Women in Horror Anthologies Revisited: Coda
Having slept on it, I've decided that it might be instructive to revisit yesterday's figures (click on link below), this time excluding the four paranormal romance volumes - Wolfsbane and Mistletoe, Home Improvement: Undead Edition, Those Who Fight Monsters and Damnation and Dames - as these score high when it comes to women writers and could skew the overall figures for horror.
On occasion I have reviewed the work of paranormal romance writers in Black Static (e.g. Charlaine Harris, Laurell K. Hamilton), as I've also reviewed crime fiction, slipstream and just about anything else that might be of interest to our readers, but at the same time I don't regard them as the true grue, and neither it appears do most bookshops who hive paranormal romance off into its own section.
Besides, this way I get another blog post that will be ridiculously easy to write.
Overall then, without the paranormal romance titles, we have thirty two volumes containing 706 stories of which 168 (24%) were written or co-written by women.

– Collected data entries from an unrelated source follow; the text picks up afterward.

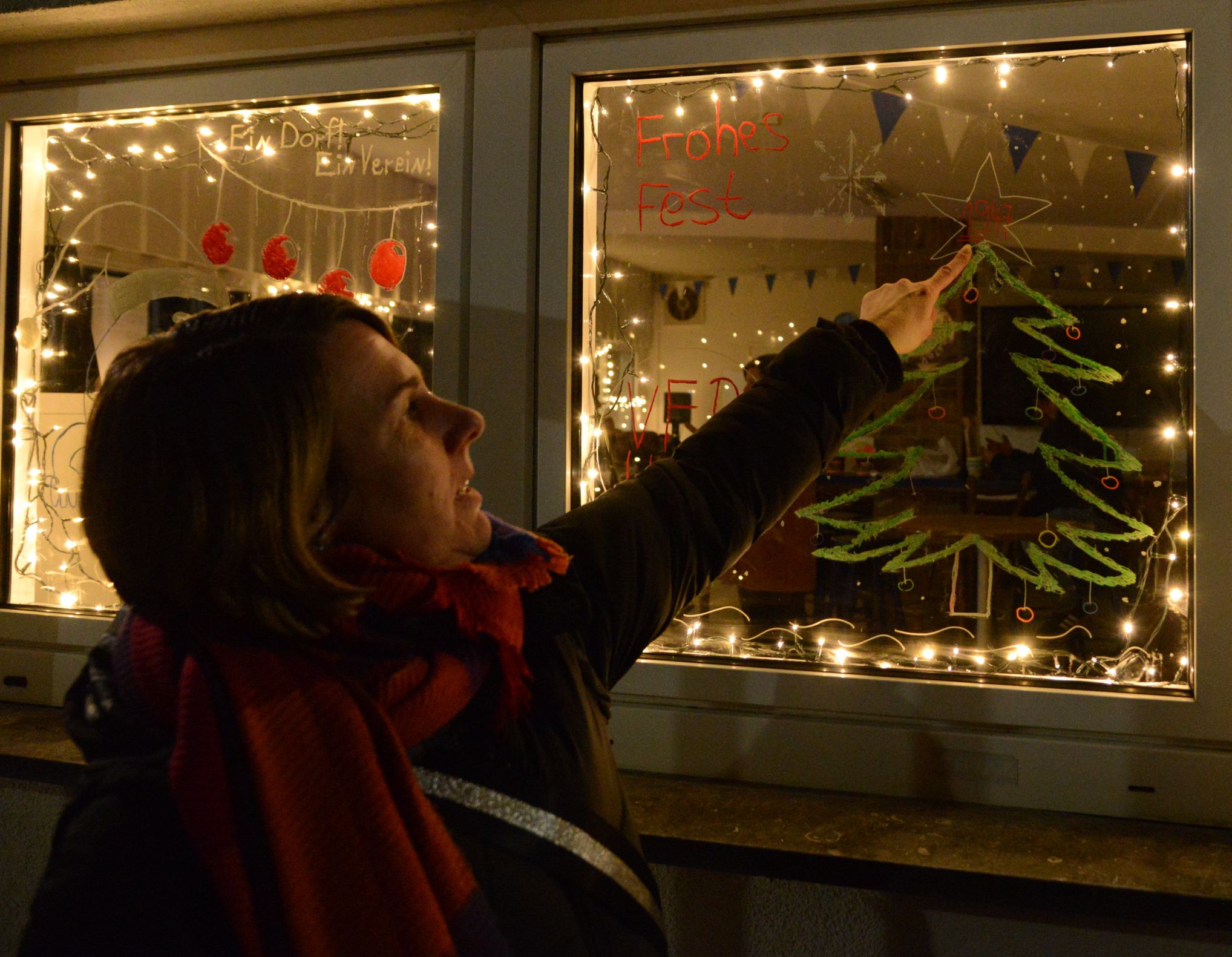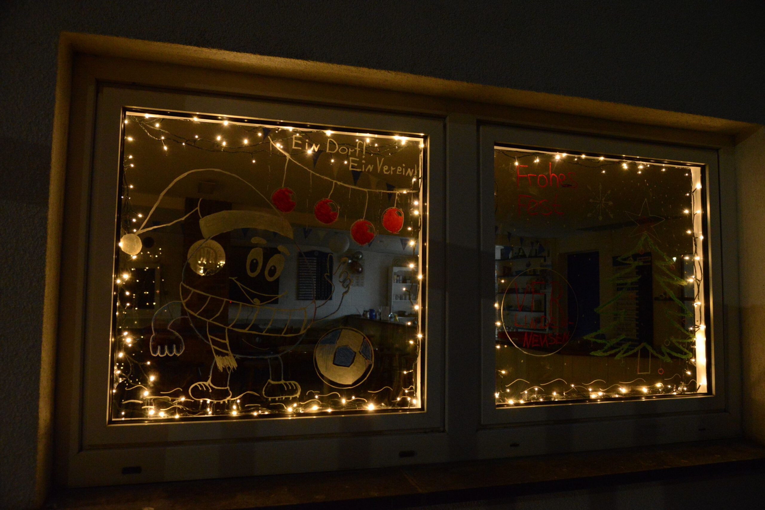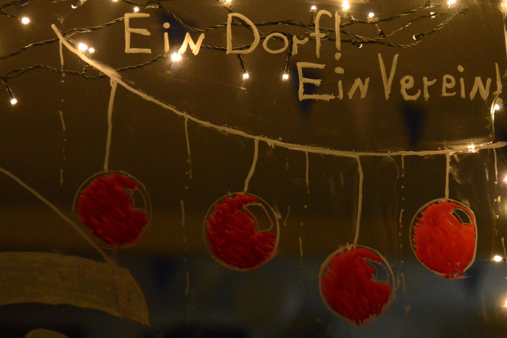 Die Farben des Adventsfensters 1.0 waren es nicht. Nach getaner Arbeit und weiterer Gemütlichkeit in der Ballerbude flossen sie mit dem Kondenswasser wieder herunter. Also Nachspielzeit und neu malen. Das 2:0 konnte dann siegreich gefeiert werden, allerdings nicht in der für das Dorf so wichtigen Ballerbude, sondern draußen. Für diese werden wir bei der Schulerweiterung einen guten Ersatz brauchen. Und für das gemeinschaftliche Dorfleben brauchen wir einen Aufstieg in die nächste Willkommens-Liga, damit es so schön bleibt wie bisher. Der Fußball wird uns dabei hoffentlich sehr helfen, viele Menschen am Dorf weiter teilhaben zu lassen und sie zum aktiven Mitmachen bei Spiel, Spaß und gemeinschaftlichem Engagement zu aktivieren. Wie auf dem Platz: Manche schwitzen, viele haben Spaß, aber nichts geht, wenn sich nicht einige immer (am besten abwechselnd) im Hintergrund und an der Seitenlinie engagieren (hier: Malen, Glühweinversorgung, Ausschank …). Wer weder Fußball spielen noch Trainer werden kann, lernt viele nette Menschen kennen, wenn er oder sie sich bei Vereins- und Dorfaktivitäten engagieren (sei es im Vorstand, am Grill oder hinter der Theke).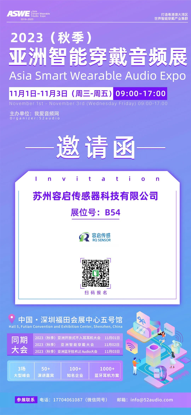 容启传感参加2023(秋季)亚洲智能穿戴音频展,展位号B54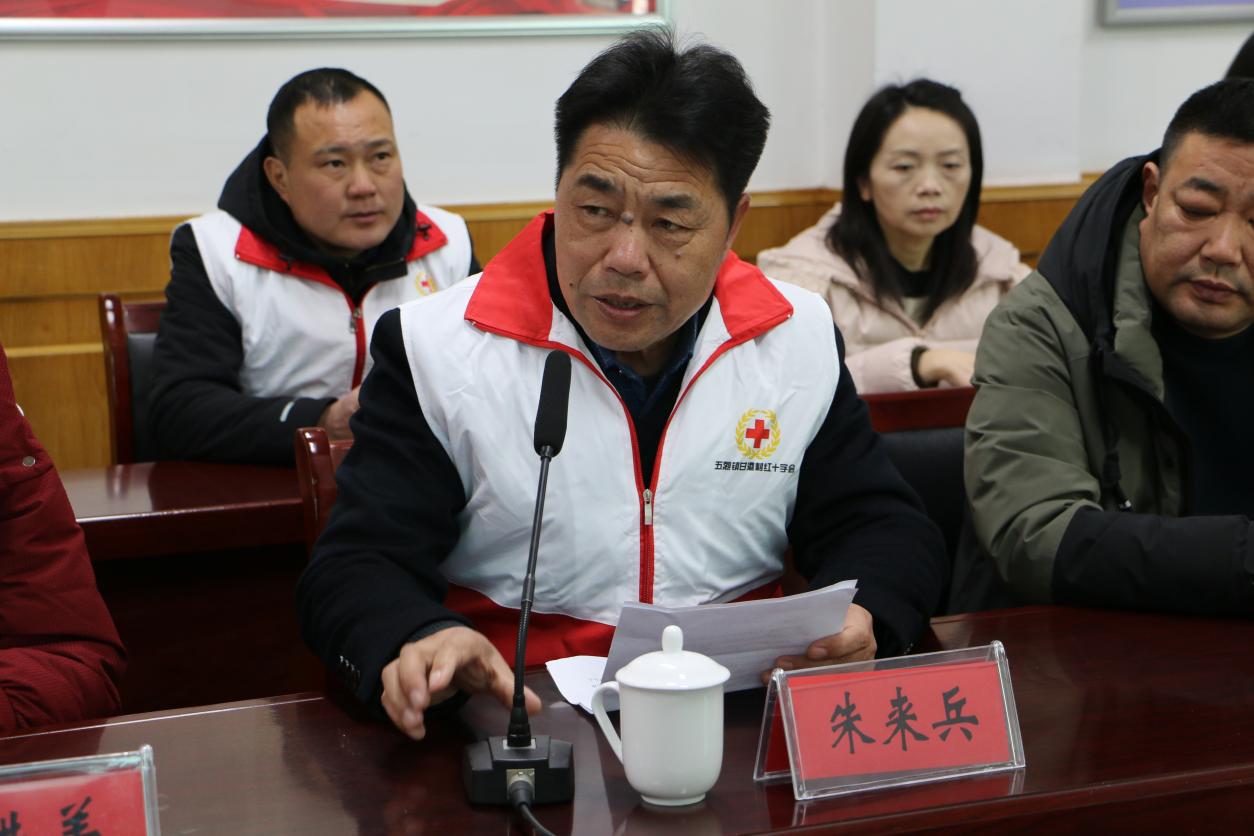 五烈镇红十字志愿者代表、甘港村副主任、村红十字会副会长朱来兵详细介绍了东台市首例涉外造血干细胞捐献者唐宇的先进事迹及近年来本村红十字会的基层组织建设情况。

And when we exclude the nine volumes that are reissues or include reprints, so that only fresh material is taken into account, we are left with twenty three volumes containing a total of 477 stories, of which 117 are written or co-written by women (25%).
Breaking it down by country, we now have:-
Australia 21 out of 48 44%
Canada 17 out of 52 33%
US 68 out of 276 25%
UK 62 out of 330 19%
Excluding the reprint volumes, the figure for the US goes up to 38 out of 121 (31%), while that for the UK drops to 41 out of 256 (16%).
Finally, breaking it down by gender of the editor:-
Male editor(s) 116 out of 554 (21%)
Female editor(s) 52 out of 152 (34%)
When reprint material is excluded, the figure for female editors rises to 37% (35 out of 95), while that for male editors remains at 21% (82 out of 382).
There are many variables here and, as I observed back in October 2010 when I first did this exercise, the sampling is probably too small to be statistically significant. Also I'm sure publishers, at least the sensible ones, take into account who will be reviewing their work, and my own gender may be a factor in determining what titles I'm sent.
Nonetheless I think it is possible to draw a few tentative conclusions based on this sampling:-
1) Fewer women are being published in horror anthologies than men
2) Women are published more frequently in the paranormal romance genre than horror
3) Anthologies edited by women will on average contain over 50% more fiction by women than those edited by men
4) Far fewer women are being published in horror anthologies in the UK than in the US, Canada and Australia
To say whether any of this is down to gender/cultural bias or simply a reflection of what women are writing and sending out for publication will take a wiser head than mine.